Advocates can learn from the history of tobacco preemption11 to bring antipreemption activities to the forefront of their policy activity, scaling up a national effort to proactively prevent industry attempts to spread state preemption laws further.31 An essential lesson from state preemption in tobacco control is that, once preemption laws are enacted, they create a chilling effect that severely cripples local progress, and they are challenging to repeal. The repeal of state laws preempting local smoke-free air laws—one of only a few public health policy topics ever repealed across the country—took, on average, 12 years.11 State preemption for SSB taxes has already created a chilling effect by forcing localities to withdraw local SSB tax initiatives.29 Efforts to repeal preemption presented particular challenges in California, where health advocates have struggled to gather consensus on whether to repeal state preemption or overturn it with a statewide tax.32 Preventing and repealing state preemption provides crucial opportunities for public education, stimulating debate, and shifting social norms.31 For example, in 2019, the repeal of state preemption of local tobacco control in Colorado led to the launching of 40 local government tobacco regulation campaigns, including 9 tax proposals that passed with solid majorities in ballot initiatives.33 State preemption does away with these opportunities.
Limitations
This study’s strength is its use of an empirically validated conceptual framework for predicting tactics that are likely to be deployed by the SSB industry in pursuing state preemption. This is offset by limitations in the availability of public information to comprehensively identify preemption attempts that did not rise to the level of open public debate and the lack of research to identify the use of litigation to argue implied preemption. Additional research is needed to develop more comprehensive approaches for capturing the universe of state preemption attempts, including those that are not elevated to the public record. Another limitation is the absence of key informant interviews with policymakers and advocates; future research should include such interviews to better understand the SSB tax policy and preemption landscape.
Conclusions
Eight US states have experienced sustained debates over soda tax preemption, and the beverage industry has succeeded at suppressing local autonomy in half. State preemption has had the industry’s intended effect of chilling innovation at the local level: between 2015 and 2017, 7 local governments passed soda taxes, but none have since. While the beverage industry’s use of state preemption to halt diffusion in local soda taxes is limited so far, the beverage industry uses time-tested strategies cultivated by the tobacco industry.
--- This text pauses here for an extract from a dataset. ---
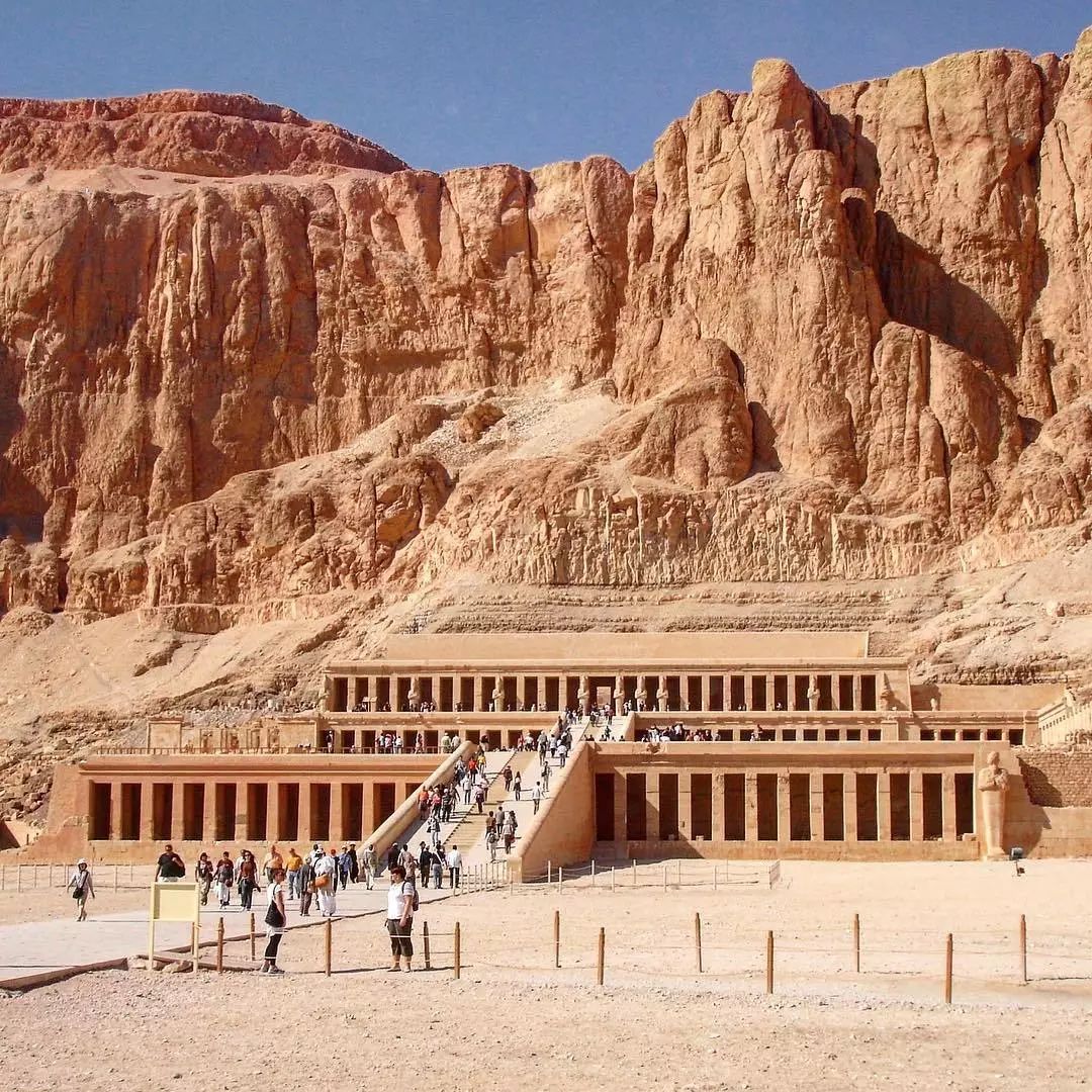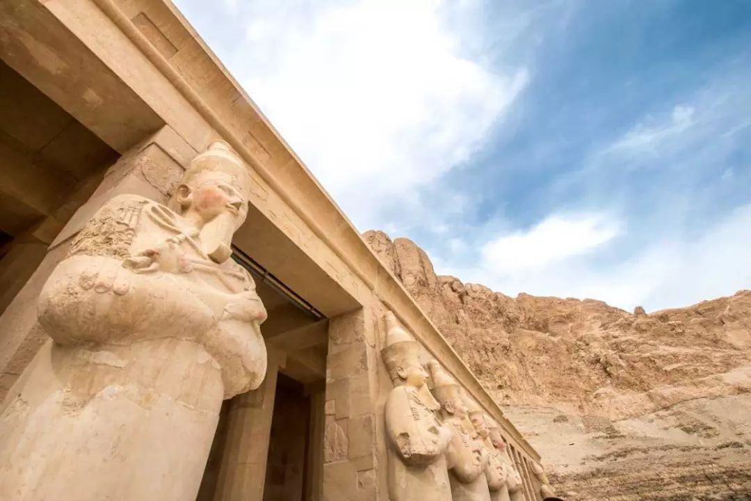 帝王谷附近可供參觀的,還有這座埃及唯一的女王神廟。哈特謝普蘇特開創了各種貿易路線,引領著王國走向繁榮,許多戴假鬍鬚、身著男裝、手執權杖、威嚴無比的女法老人型神像,矗立在三層神殿之上。

Public health opposition to SSB tax preemption is nascent but generally uses tactics that mirror those successfully pioneered by tobacco control advocates. Findings from this research point to the need for a robust national network of advocates, supported by national panels of legal experts, that can shift from a reactive to a proactive approach that halts the spread of preemption and begins the task of overturning existing statutes.
ACKNOWLEDGMENTS
This work was supported by the University of Nevada, Reno; the University of California, San Francisco; and New York University.
Note. None of the universities played a role in the conduct of the research or the preparation of this article.
CONFLICTS OF INTEREST
None of the authors have any conflicts of interest to report related to this study.
HUMAN PARTICIPANT PROTECTION
This study did not require institutional board review, as it did not involve human participants.